Сперва я вознес хвалы Дионису и принялся рассылать приглашения, но по дороге домой, к Филодему, душа моя указала, что это крайне благородный жест для той, с кем я обошелся так плохо.

Лично я думаю, что тем вечером перебрал вина, и некоторая его часть просочилась в душу, ибо подобная сентиментальность была для нее нехарактерна.

Поспав несколько часов, я развил активную деятельность, отправив домочадцев Филодема, Калликрата и даже самого Филодема в Город с приглашениями, отвергнуть которые было совершенно невозможно. В этой кампании ксерксова масштаба я взял на себя роль квартирмейстера, набил кошель монетами и пошел на рынок. Солнечный свет оглушил меня, как удар молотом, едва я ступил за дверь, но я мужественно выдержал этот удар и скупил все вино в Афинах до капли, а также изрядный запас еды, в основном рыбы, на тот случай, если гости забудут принести свою. Затем я спустился к дому Федры в сопровождении каравана носильщиков, серьезно нарушив уличное движение, и приступил к трудам.

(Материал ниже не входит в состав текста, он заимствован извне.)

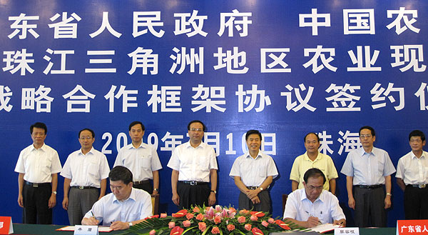7月10日,广东省政府与农业部共建珠江三角洲地区农业现代化示范区战略合作框架协议签字仪式在珠海举行。农业部部长孙政才和省长黄华华出席了框架协议签字仪式。农业部副部长牛盾和副省长李容根分别代表双方签署框架协议。省政府秘书长徐尚武主持了仪式。

Дом Федры со всей его роскошной обстановкой, который я давно не навещал, прекрасно подходил для пира. Здесь было больше лож и стульев, чем у Аристофана, и достаточно кратеров, чтобы смешать Эгейское море с Океаном. Федра спрятала все женские предметы обстановки с глаз долой, а пол был идеально чист и сух. Но за задней дверью я обнаружил кучу пустых винных амфор, приготовленных для сборщика, и задался вопросом, как это она ухитрилась опорожнить такое их количество в одиночку.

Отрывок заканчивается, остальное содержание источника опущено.